Neural Networks and Deep Learning

Using neural nets to recognize handwritten digits

How the backpropagation algorithm works

Improving the way neural networks learn

A visual proof that neural nets can compute any function

Why are deep neural networks hard to train?

The human visual system is one of the wonders of the world. Consider the following sequence of handwritten digits:

Most people effortlessly recognize those digits as 504192. That ease is deceptive. In each hemisphere of our brain, humans have a primary visual cortex, also known as V1, containing 140 million neurons, with tens of billions of connections between them. And yet human vision involves not just V1, but an entire series of visual cortices - V2, V3, V4, and V5 - doing progressively more complex image processing. We carry in our heads a supercomputer, tuned by evolution over hundreds of millions of years, and superbly adapted to understand the visual world. Recognizing handwritten digits isn't easy. Rather, we humans are stupendously, astoundingly good at making sense of what our eyes show us. But nearly all that work is done unconsciously. And so we don't usually appreciate how tough a problem our visual systems solve.

The difficulty of visual pattern recognition becomes apparent if you attempt to write a computer program to recognize digits like those above. What seems easy when we do it ourselves suddenly becomes extremely difficult. Simple intuitions about how we recognize shapes - "a 9 has a loop at the top, and a vertical stroke in the bottom right" - turn out to be not so simple to express algorithmically. When you try to make such rules precise, you quickly get lost in a morass of exceptions and caveats and special cases. It seems hopeless.

Neural networks approach the problem in a different way. The idea is to take a large number of handwritten digits, known as training examples,

and then develop a system which can learn from those training examples. In other words, the neural network uses the examples to automatically infer rules for recognizing handwritten digits. Furthermore, by increasing the number of training examples, the network can learn more about handwriting, and so improve its accuracy. So while I've shown just 100 training digits above, perhaps we could build a better handwriting recognizer by using thousands or even millions or billions of training examples.

In this chapter we'll write a computer program implementing a neural network that learns to recognize handwritten digits. The program is just 74 lines long, and uses no special neural network libraries. But this short program can recognize digits with an accuracy over 96 percent, without human intervention. Furthermore, in later chapters we'll develop ideas which can improve accuracy to over 99 percent. In fact, the best commercial neural networks are now so good that they are used by banks to process cheques, and by post offices to recognize addresses.
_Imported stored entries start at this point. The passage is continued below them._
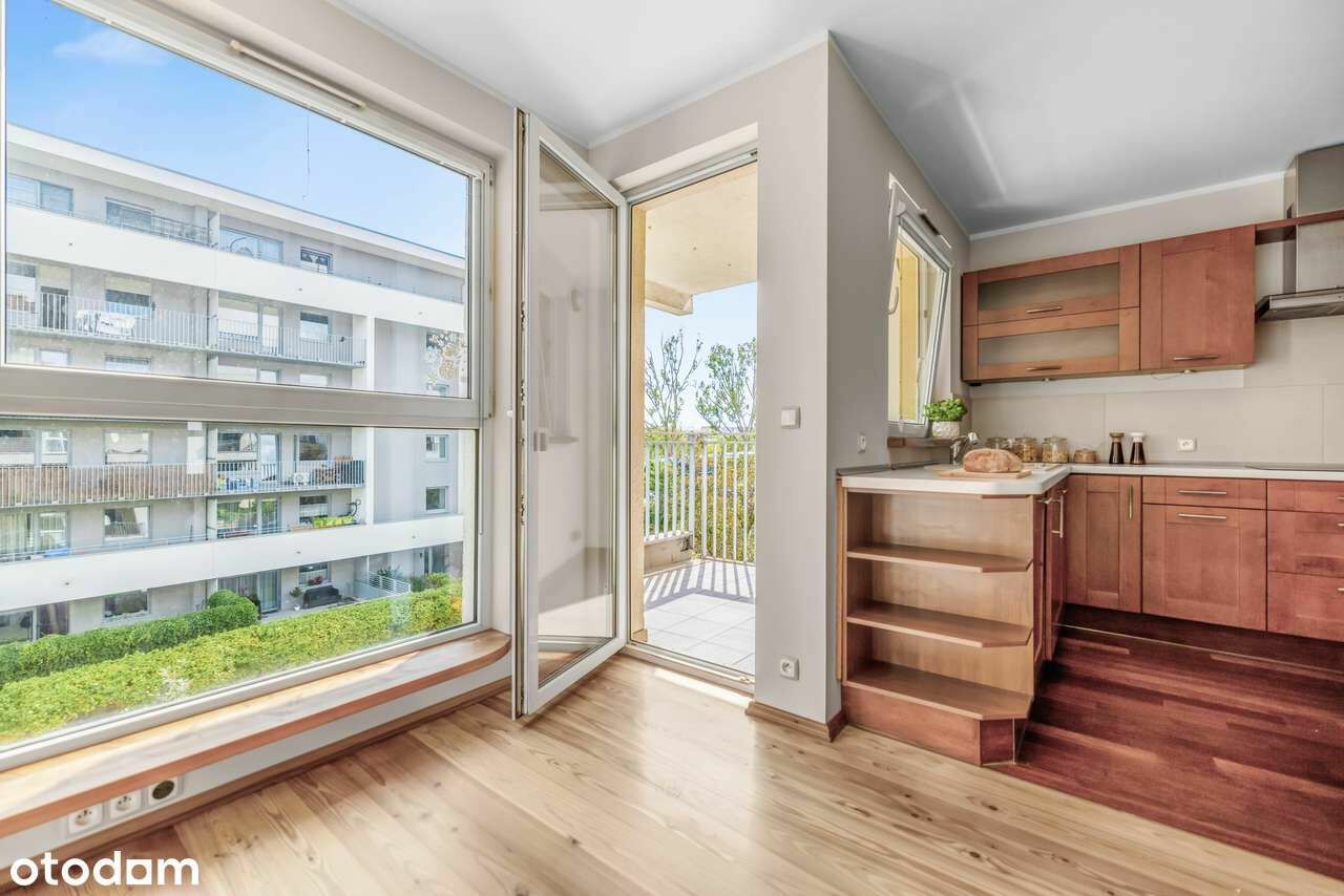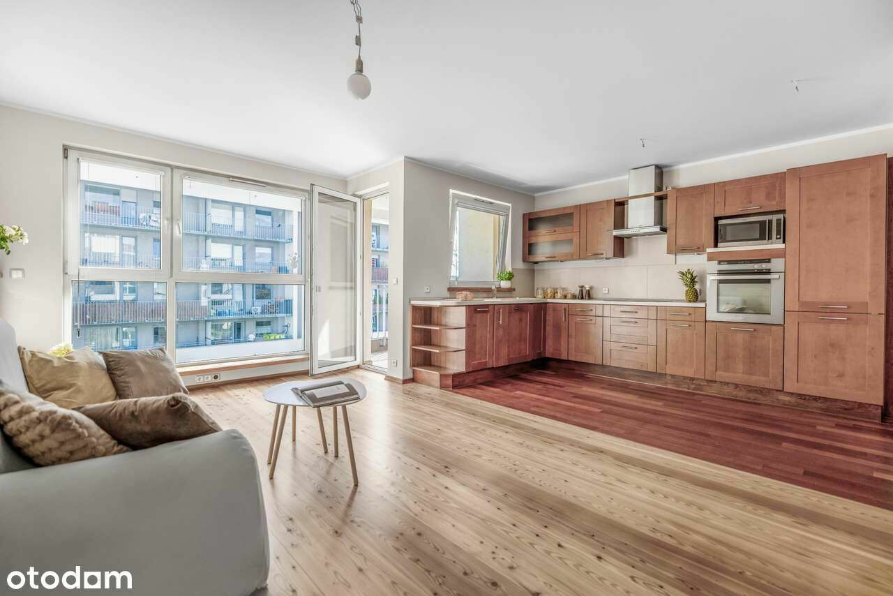Mieszkanie jest dwustronne – okna wychodzą na dwie strony świata (wschód-zachód), dzięki czemu wnętrze jest słoneczne i pełne naturalnego światła przez cały dzień.
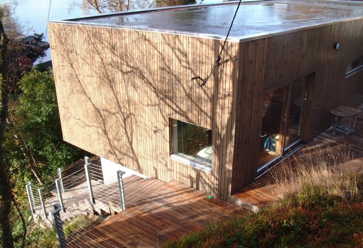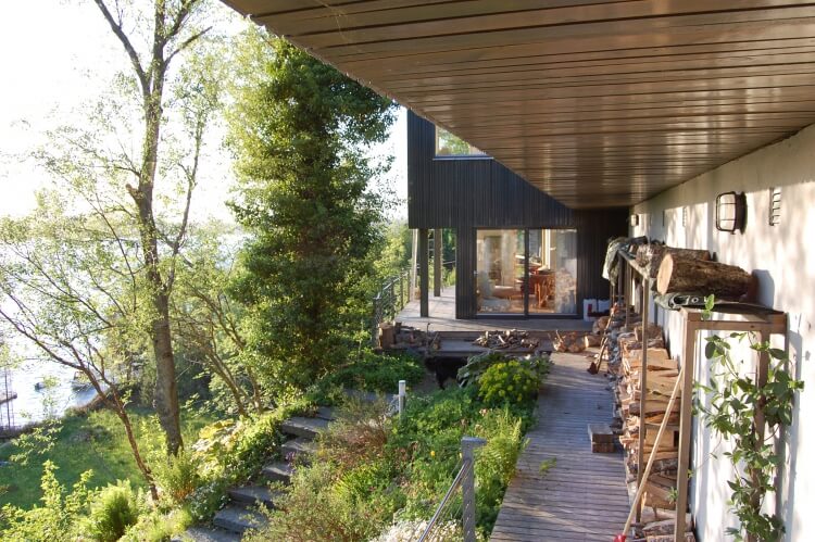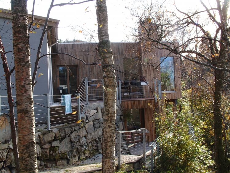 Open floor plans and several terraces make the most of the steep terrain and the great views.
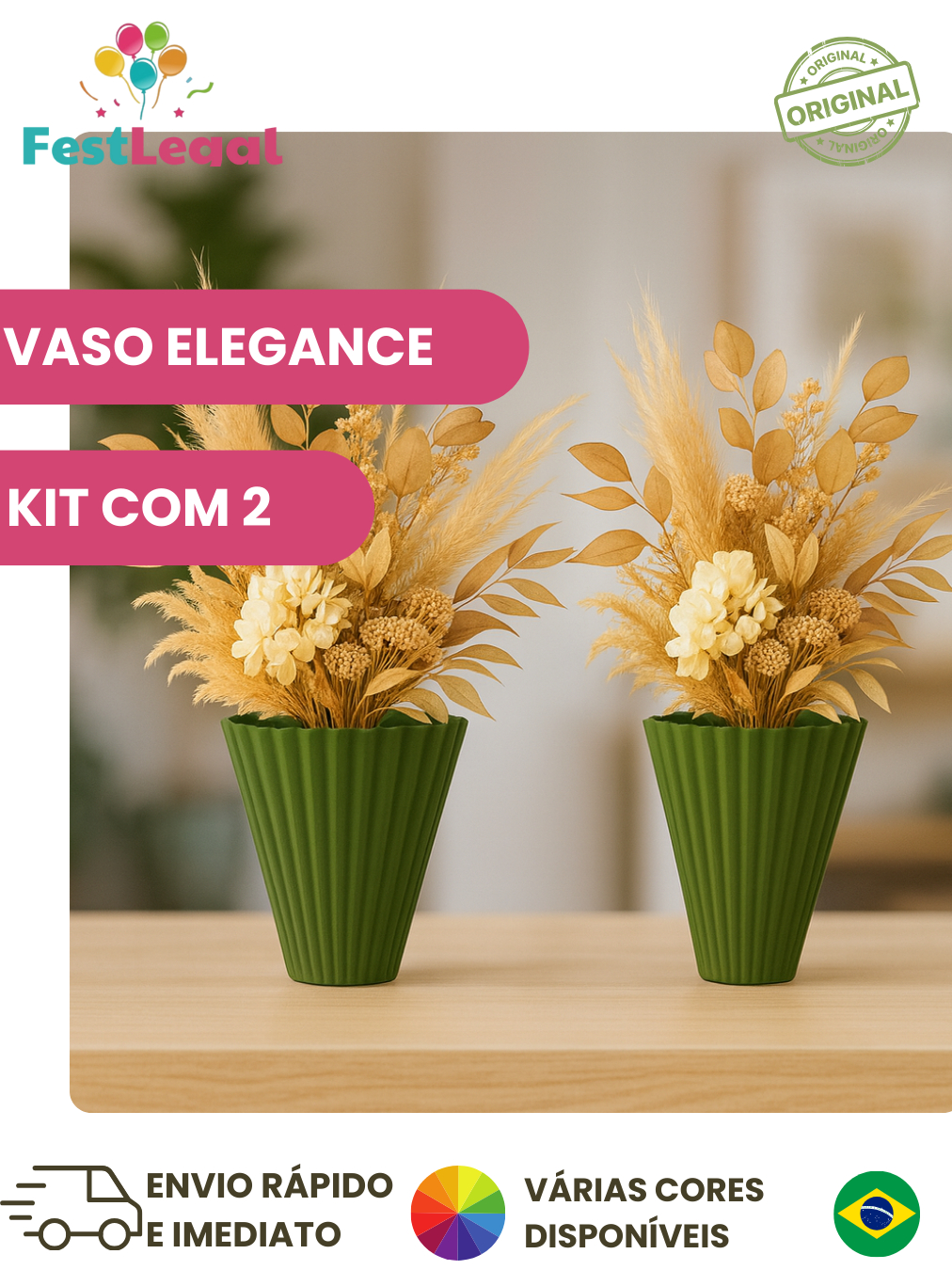 KIT COM 2 VASO GRANDE PARA FESTA, ANIVERSÁRIO E DECORAÇÃO - VARIAS CORES
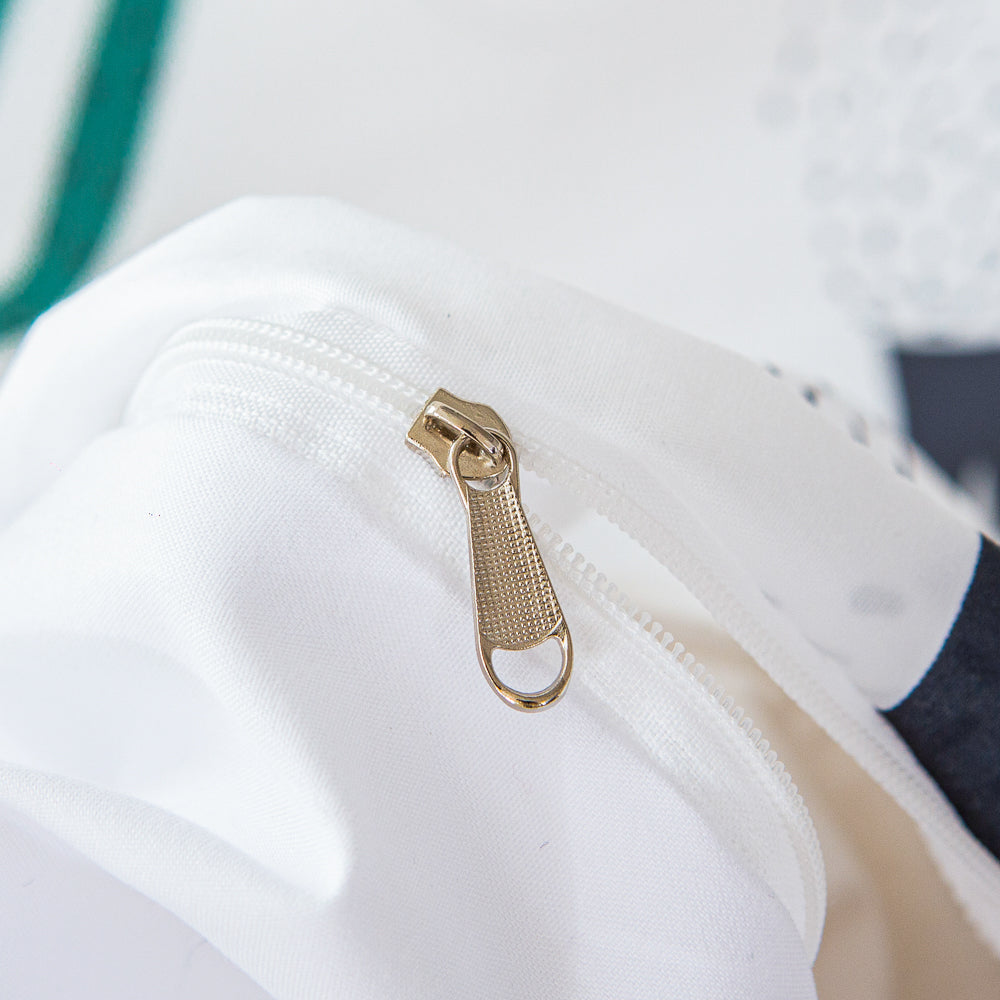 - Duvet cover with ties at the four corners to keep the comforter in place. It also gets a zipper closure.
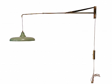 Applique completamente in ottone con cupola in alluminio ,con braccio estensibile e regolabile nello stile Stilnovo.
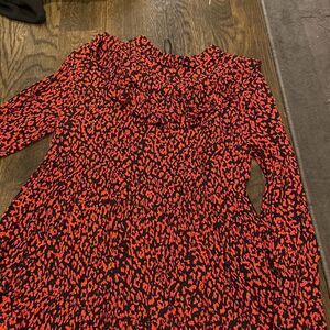 Stylish long sleeve dress. Red and black pattern. Perfect for any occasion.
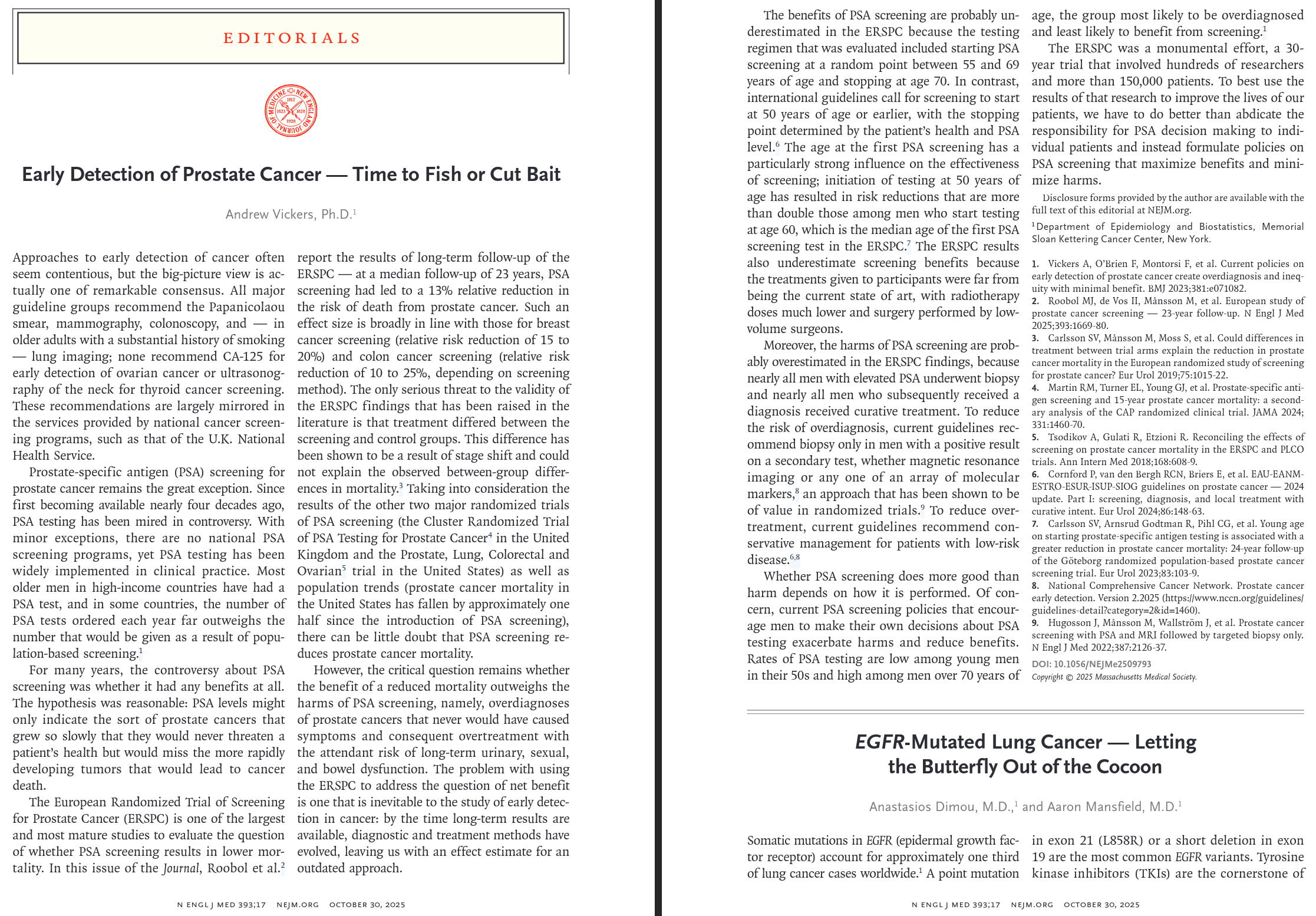 - Vickers A. Early Detection of Prostate Cancer — Time to Fish or Cut Bait. N Engl J Med. 2025;393(17):1742-1743. doi:10.1056/NEJMe2509793

We're focusing on handwriting recognition because it's an excellent prototype problem for learning about neural networks in general. As a prototype it hits a sweet spot: it's challenging - it's no small feat to recognize handwritten digits - but it's not so difficult as to require an extremely complicated solution, or tremendous computational power. Furthermore, it's a great way to develop more advanced techniques, such as deep learning. And so throughout the book we'll return repeatedly to the problem of handwriting recognition. Later in the book, we'll discuss how these ideas may be applied to other problems in computer vision, and also in speech, natural language processing, and other domains.

Of course, if the point of the chapter was only to write a computer
program to recognize handwritten digits, then the chapter would be
much shorter! But along the way we'll develop many key ideas about
neural networks, including two important types of artificial neuron
(the perceptron and the sigmoid neuron), and the standard learning
algorithm for neural networks, known as stochastic gradient descent.
Throughout, I focus on explaining *why* things are done the way
they are, and on building your neural networks intuition. That
requires a lengthier discussion than if I just presented the basic
mechanics of what's going on, but it's worth it for the deeper
understanding you'll attain. Amongst the payoffs, by the end of the
chapter we'll be in position to understand what deep learning is, and
why it matters.

What is a neural network? To get started, I'll explain a type of
artificial neuron called a *perceptron*.
Perceptrons were
developed
in the 1950s and 1960s by the scientist
Frank
Rosenblatt, inspired by earlier
work
by Warren
McCulloch and
Walter
Pitts. Today, it's more common to use other
models of artificial neurons - in this book, and in much modern work
on neural networks, the main neuron model used is one called the
*sigmoid neuron*. We'll get to sigmoid neurons shortly. But to
understand why sigmoid neurons are defined the way they are, it's
worth taking the time to first understand perceptrons.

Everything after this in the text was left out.